Entries taken from a collection =>

• • • • • • •

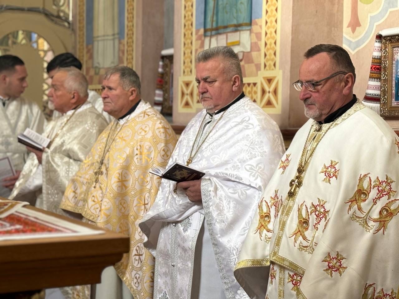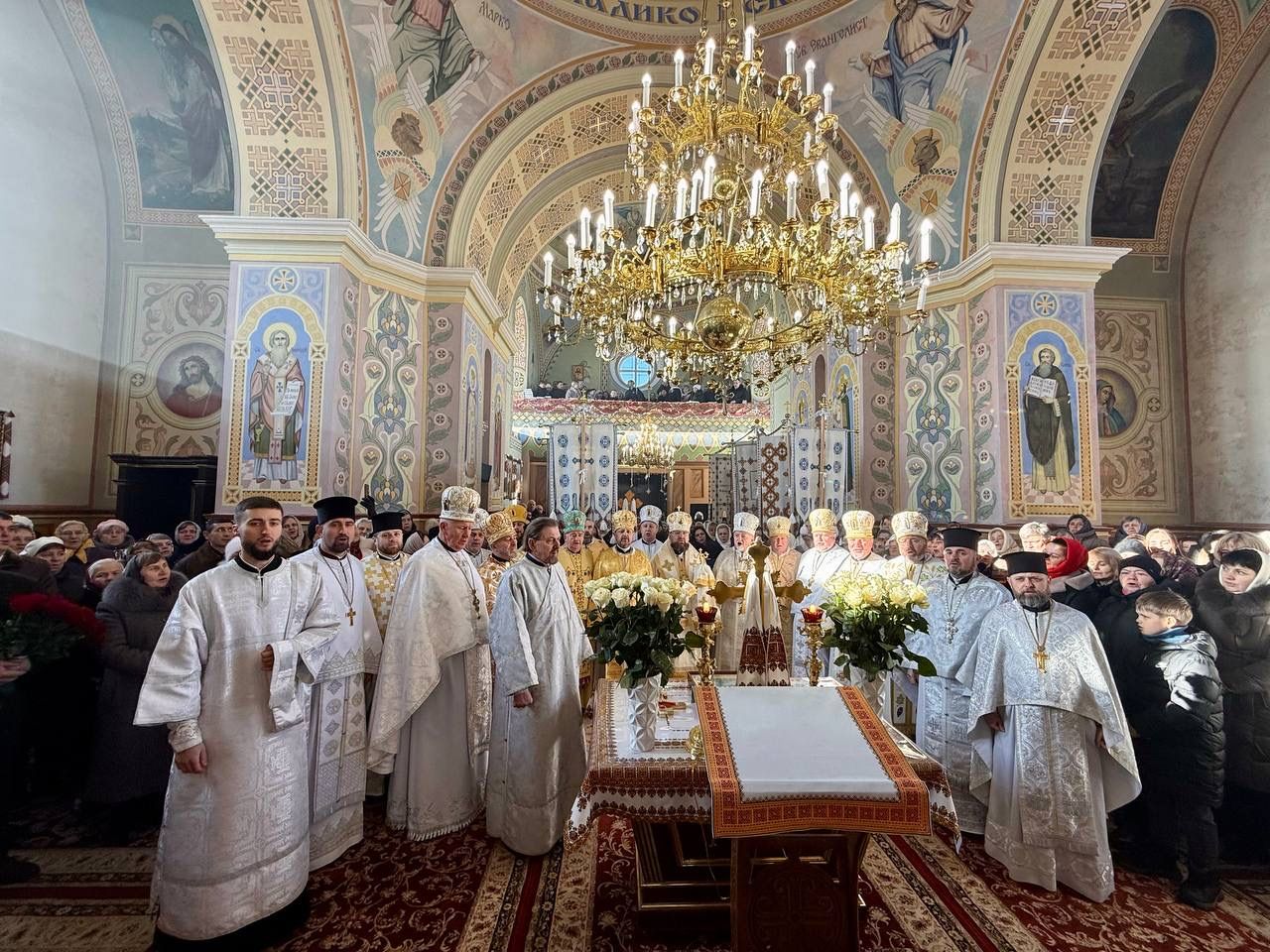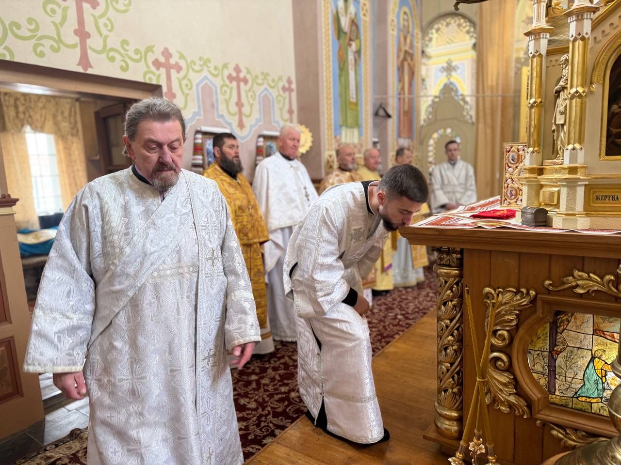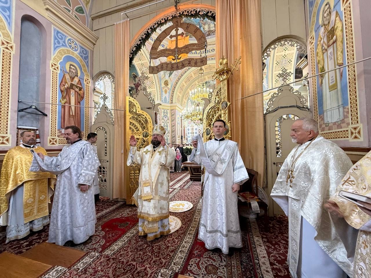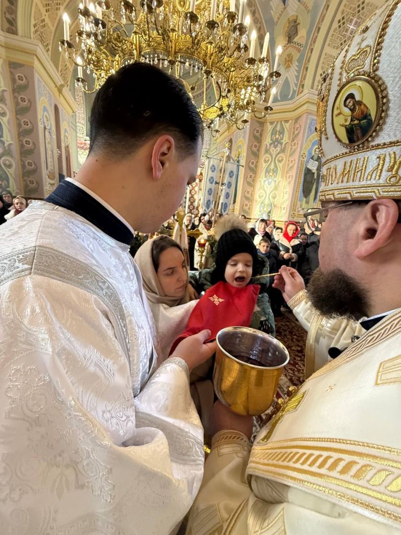 За святковою Божественною Літургією Владиці співслужили: секретар єпархіального управління, настоятель Львівського храму ікони Божої Матері "Всецариці", протоієрей Володимир Бачинський; Кам’янка-Бузький благочинний, настоятель Хресто-Воздвиженського храму с. Велике Колодно та храму Святого Пророка Іллі с. Колоденці, протоієрей Ярослав Шикула; настоятель храму Воскресіння Христового с. Дідилів, протоієрей Іван Бачало; настоятель Свято-Покровського храму с. Горпин, протоієрей Степан Михалко; настоятель храму святих апостолів Петра і Павла м. Добротвір, протоієрей Микола Предко; настоятель храму Успіння Пресвятої Богородиці с.Жовтанці, протоієрей Ярослав Тищак; настоятель храму Святої Трійці с. Дернів, протоієрей Нестор Сильвестер; настоятель храму Святого Архистратига Михаїла с.Нагірці, протоієрей Миколай Кекляк; настоятель храму Собору Пресвятої Богородиці с. Ременів, протоієрей Михайло Пасірський; настоятель храму Великомученика Димитрія с.Печихвости, протоієрей Василь Бачало; настоятель храму Преображення Господнього м. Шептицький, протоієрей Володимир Ортинський; настоятель храму Різдва Пресвятої Богородиці м. Кам‘янка-Бузька, протоієрей Володимир Котоус; настоятель храму Перенесення мощей Святителя Миколая с.Забужжя, протоієрей Миколай Єрмішин; настоятель храму Покрова Пресвятої Богородиці с. Зубів Міст та Свято-Троїцького храму м.Кам’янка-Бузька, протоієрей Ігор Андрейчук; настоятель храму Воскресіння Христового с. Желдець та храму Архистратига Божого Михаїла с.Воля-Жовтанецька, протоієрей Іван Гунько; настоятель храму Святого Великомученика і Цілителя Пантелеймона м. Кам’янка-бузька, протоієрей Андрій Гермак; настоятель храму Святителя Миколая Чудотворця с.Честині, протоієрей Іван Чемерис; протодиякон Свято-Покровського кафедрального собору Семен Пігура; диякон Орест Палько; диякон Созонт Тищак.
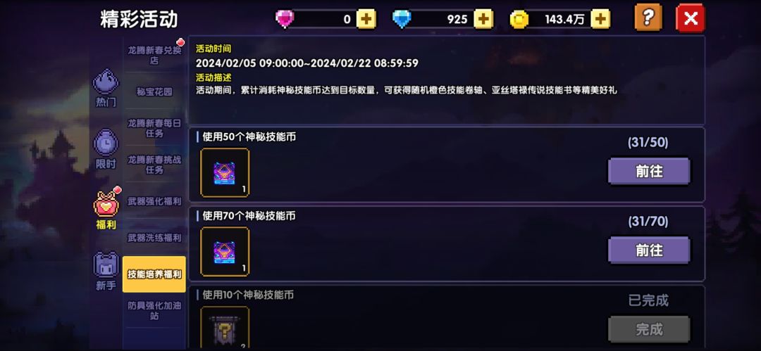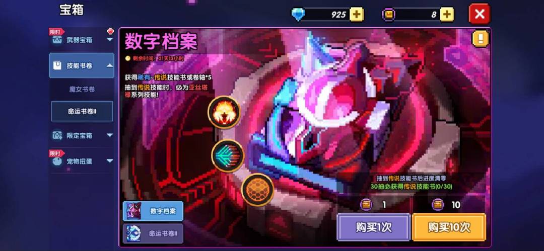 (没出的朋友可以在竞技场/深渊狩猎适时换一点技能币,到50抽,用下面这个活动奖励自选一本,注意活动时间)
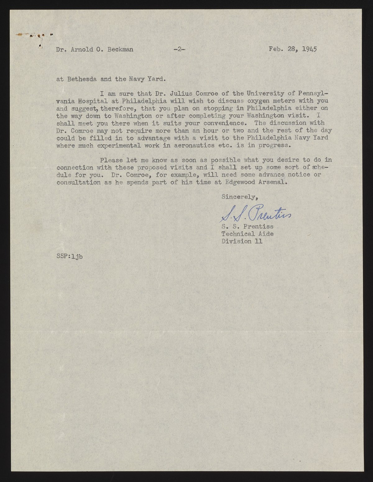 Letter from S. S. Prentiss to Arnold O. Beckman
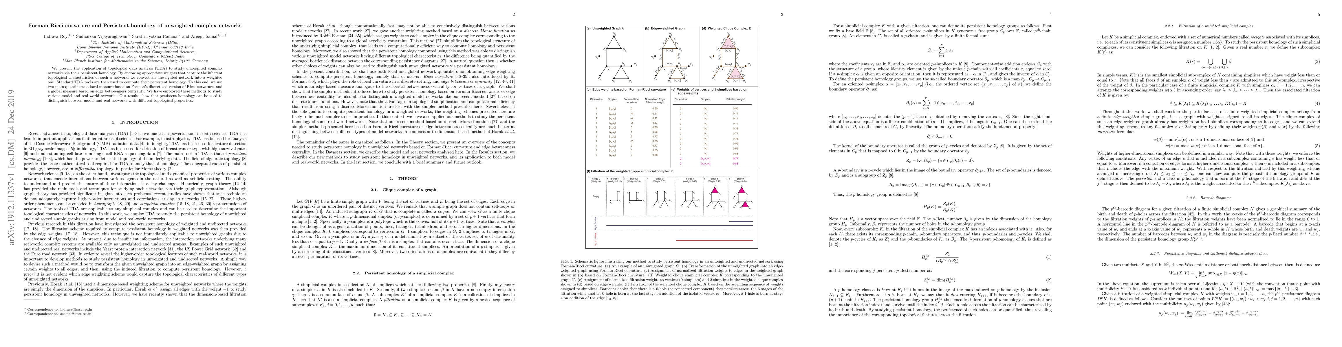 The paper applies topological data analysis (TDA) to unweighted complex networks by assigning weights based on Forman-Ricci curvature and edge betweenness centrality, then computing persistent homology. The method can distinguish between model and real-world networks based on their topological properties.
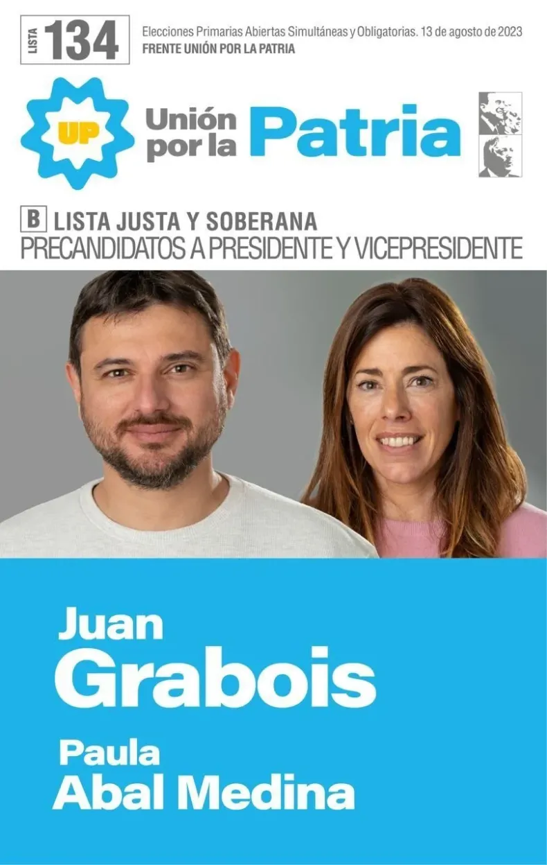 Hace dos días también habían hecho lo mismo Juan Grabois y Paula Abal Medina quienes competirán en la interna de Unión por la Patria con una lista corta, para presidente y vice. "Que se sepa: en @unionxlapatria hay opción. En las PASO, patria y corazón", escribió el piquetero en su cuenta de Twitter para anunciarlo. Grabois, además es fundador del Movimiento de Trabajadores Excluidos, de la Confederación de Trabajadores de la Economía Popular (UTEP) y del Frente Patria Grande. Ambos se sumaron a la elección a horas del cierre de listas luego de que se confirmara que "Wado" de Pedro -a quien apoyaban- no sería el candidato del oficialismo.
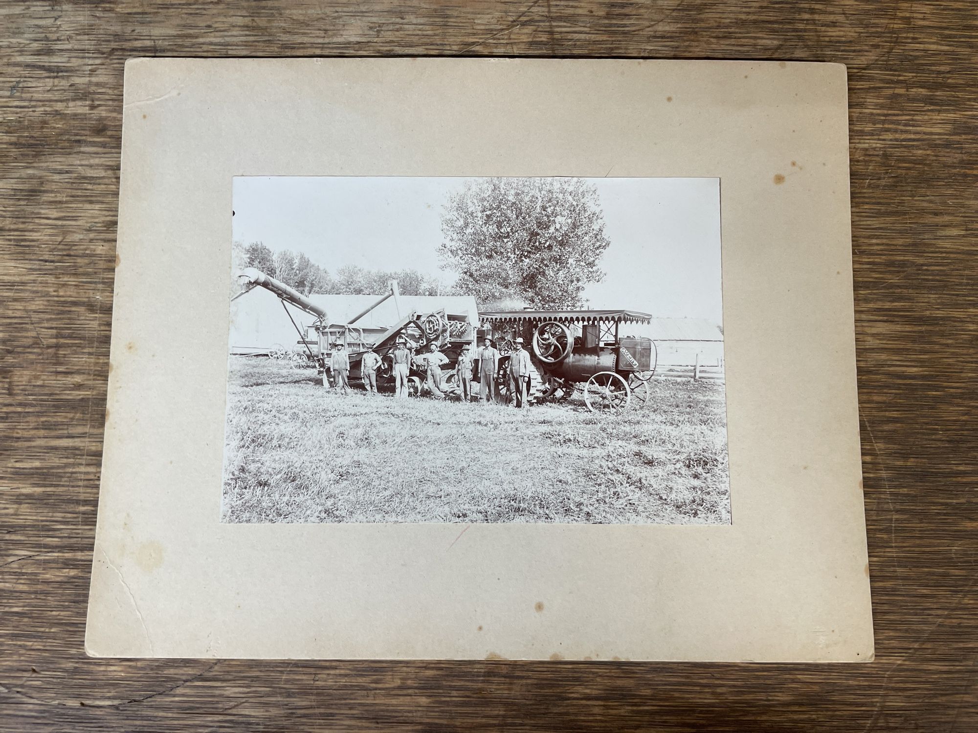 Avery steam engine with threshing machine photo. Shows light wear. 10" x 8" overall.
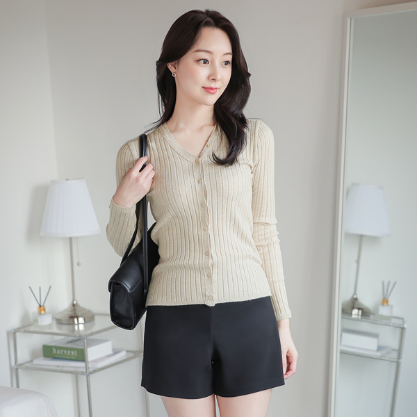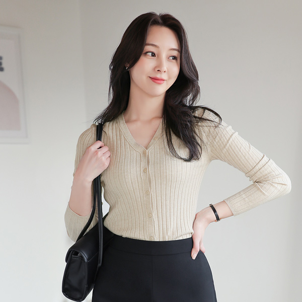 Soft Corduroy Button Trimming V-neck Knit
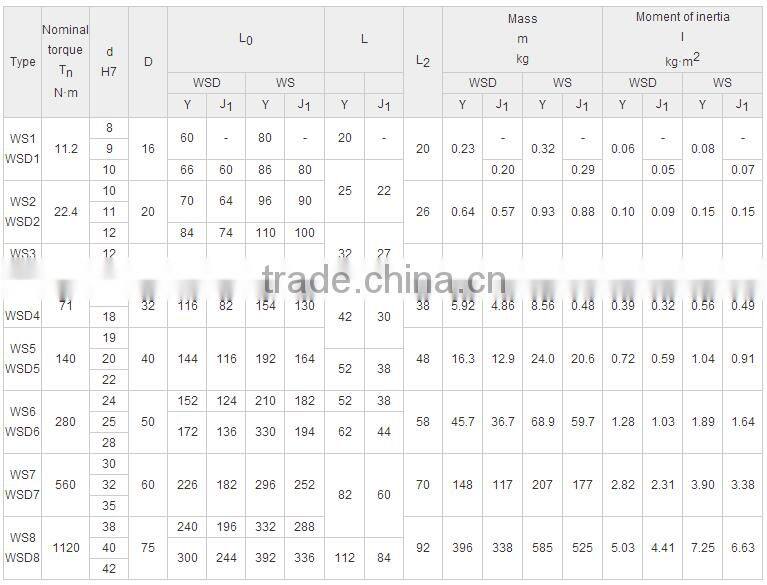 WSD universal coupling is suitable for retating system which the two axis angle <45,nominal torque 11.2~1120N*m.
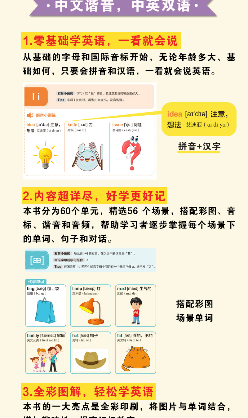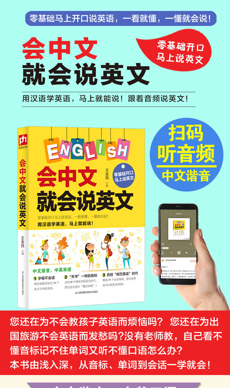 If you can speak Chinese, you can speak English. English book with Chinese homophonic Chinese characters. English homophonic memory spoken language book. Self-study English introduction with zero basic knowledge. Quick memorization of English words for primary school students.
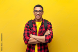 young guy african american student in glasses with backpack on yellow isolated background, student latino in shirt
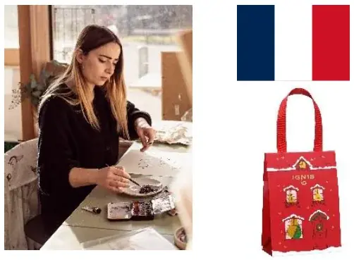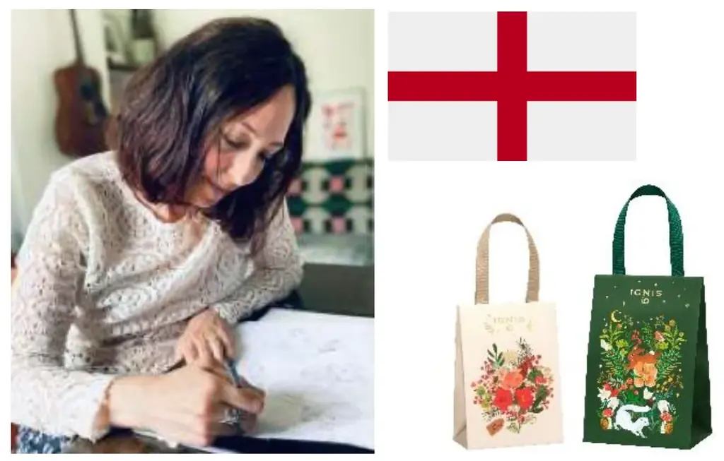 彼女の作品は動植物を生き生きと描くことに長けており、児童向け書籍やパッケージへの採用実績もあります。イグニス イオのギフトバックでは自然の要素を温かみのある色調で表現し、見る人に親しみやすさを与えるデザインとなっています。
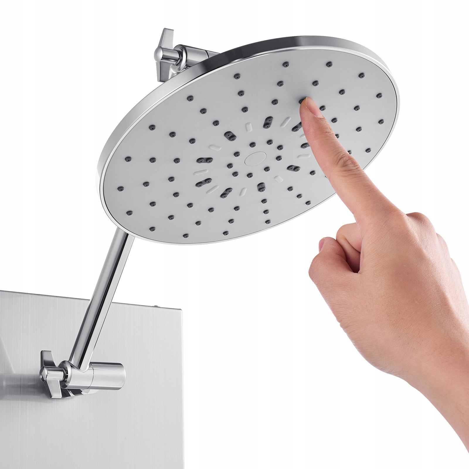 Регульований кут розбризкування: верхню лійку тропічного душу можна гнучко обертати; напрям маленьких масажних струменів можна регулювати поворотом. Відрегулюйте кут нахилу душу відповідно до свого зросту та уподобань під душем, щоб покращити враження від прийняття душу.

• • • • • • •

Task directions => When you reach the line with "young guy african" in the records above, start writing out each line exactly, and stop after the line with "彼女の作品は動植物を生き生き". Pictures stay out.

Output of the exercise =>
 young guy african american student in glasses with backpack on yellow isolated background, student latino in shirt
 彼女の作品は動植物を生き生きと描くことに長けており、児童向け書籍やパッケージへの採用実績もあります。イグニス イオのギフトバックでは自然の要素を温かみのある色調で表現し、見る人に親しみやすさを与えるデザインとなっています。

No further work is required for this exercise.